2018 Awardees
Samuel F. Bakhoum, M.D., Ph.D.
Memorial Sloan Kettering Cancer Center
Project Title: The Role of Chromosomal Instability in Tumor Evolution
Grant ID: DP5-OD26395
Samuel Bakhoum is currently an Assistant Member (Professor) in the Human Oncology and Pathogenesis Program and the Department of Radiation Oncology at Memorial Sloan Kettering Cancer Center (MSKCC). His laboratory focuses on understanding the consequences of chromosomal instability on tumor evolution, centering on cancer metastasis and tumor-immune interaction. Samuel obtained his M.D., Ph.D. at the Geisel School of Medicine at Dartmouth. His graduate research focused on understanding the basic mechanisms of chromosome segregation during cell division. He subsequently completed an internship at Mount Auburn Hospital of Harvard Medical School and residency training in Radiation Oncology at MSKCC. While a resident, he conducted research under the mentorship of Professor Lewis Cantley at Weill Cornell Medicine, focusing on the role of chromosomal instability in tumor metastasis and the generation of a cytosolic DNA response.

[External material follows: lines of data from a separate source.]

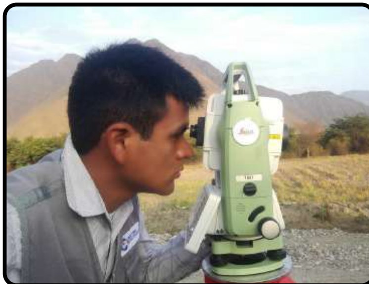
Trazo de dique de protección en rio chicama.
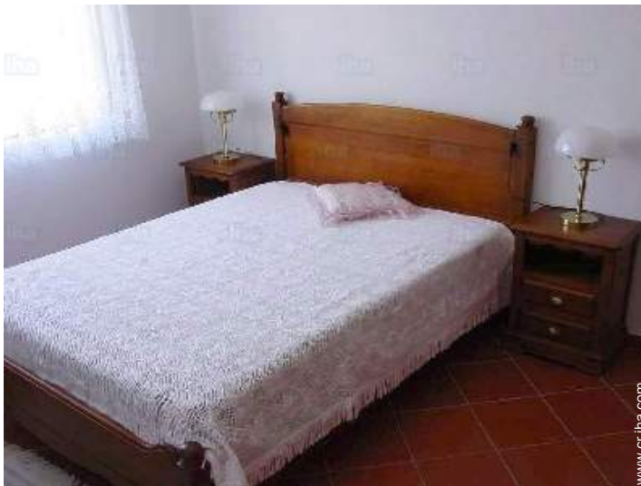
cama de matrimonio
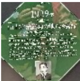
山宣のプレートの前で
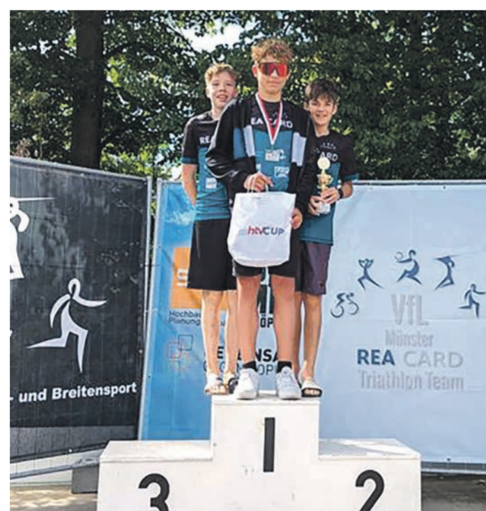
B-Jugend des VfL auf dem Siegereppchen.

Dadurch wurde die legendäre Radstrecke (900 Höhenmeter) über Schaafheim, Mömlingen, Dorndiel (2 Runden) nach Altheim ins Programm genommen. Bis 1992 wurde der Moret über die Olympischen Distanz durchgeführt. Danach wurde auf die Mitteldistanz gewechselt: 1,9 km Schwimmen - 84 km Radfahren - 21 km Laufen im Altheimer Wald. Ab der 35. Auflage des Moret in 2019 kehrte die Olympische Distanz zurück und erweiterte das Renn-Programm. Ab 2020 war Start- und Zielpunkt das Gelände am Hardtsee. Erstmals wurde zusätzlich ein Sprintrennen ausgetragen. Ab 2021 waren dann auch Rennen für Jugendliche und Schüler dabei. In 2023 musste aufgrund von Genehmigungsproblemen das Schwimmen vom Hardtsee in das Sportbad in Dieburg verlegt werden. Daher wurde der Moret erstmalig als reines Sprintrennen ausgetragen: 275 m Schwimmen - 19 km Radfahren - 3 km Laufen. Mehrfach vergab der Hessische Triathlon Verband (HTV) die Durchführung von Hessischen Meisterschaften an den VfL, die in das Renngeschehen des Moret eingebunden wurden. Kürzlich standen bei der 40. Auflage des Triathlon-Klassikers 615 Athleten in 11 verschiedenen Rennen an der Startlinie
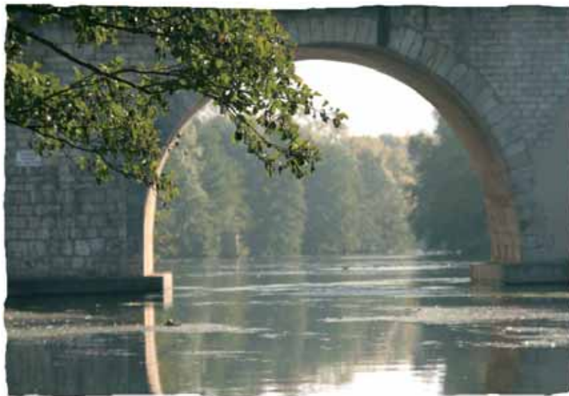
Rivière du Loiret (45)

Disposition à ajouter dans tous les SDAGE : un plan de réduction de l'exploitation de maërl (32) pour arriver à une cessation totale des prélèvements d'ici 2012, et l'interdiction de toute exploitation dans les cinq premiers milles nautiques (en raison de l'importance essentielle des zones de nurseries de la ressource halieutique).
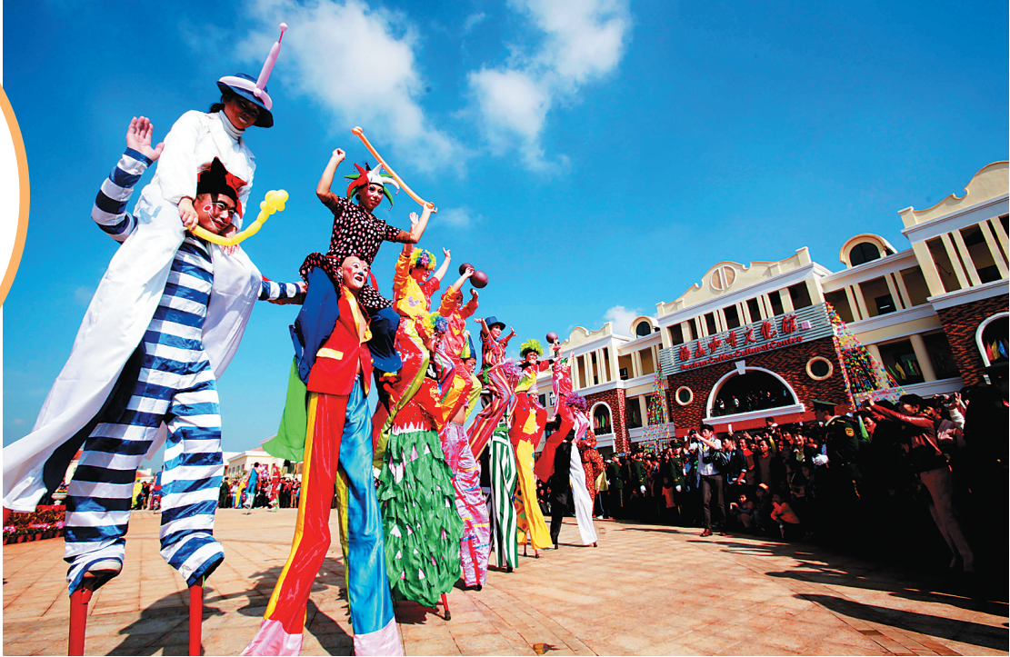
今年的欢乐节仍将有踩高跷等表演。

在开幕式上，德国特罗辛根音乐学院的音乐家们，将演奏霍纳(HOHNER)手风琴和意大利布格里(bugari)手风琴，让欣赏者能够领略世界上最知名与最昂贵的两大手风琴呈现的热情、婉转的琴韵。除了德国手风琴协会的专业演员外，巴伐利亚州民乐队也将在开幕式上带来精彩表演。这支民乐队是保护当地传统民俗文化的优秀典范，他们推广保护民风民俗，保护民间音乐，并致力于传承与传播阿尔卑斯山区民乐。开幕式当天，乐队的艺术家们将用施蒂里亚手风琴、单簧管、铜管乐、中音萨克斯管乐等乐器演绎纯正的欧洲民乐，为观众带来一场音乐大餐。今年是海南省与韩国济州道结好20周年，因此开幕式上除了德国的音乐家外，来自韩国济州道的文艺演出团体也将为观众献上具有韩国民族特色的极富表现力与感染力的精彩表演。

Usama Bilal, M.D., M.P.H., Ph.D.
Drexel Dornsife School of Public Health
Project Title: The Health Consequences of Urban Scaling
Grant ID: DP5-OD26429
Usama Bilal (https://www.usamabilal.info) is currently an Assistant Research Professor in the Urban Health Collaborative and the Department of Epidemiology & Biostatistics at Drexel's Dornsife School of Public Health. His primary research interest is the macrosocial determinants of health, with a specific interest in nutrition-related conditions and their upstream causes. Most of his work focuses on the role that city- and neighborhood-level dynamics have in generating disease, and the use of complexity methodologies to study the emergent properties of urban environments. He has earned a PhD in Cardiovascular Epidemiology from the Johns Hopkins Bloomberg School of Public Health, an MPH from the Universidad de Alcala in Spain, and MD from the Universidad de Oviedo in Spain.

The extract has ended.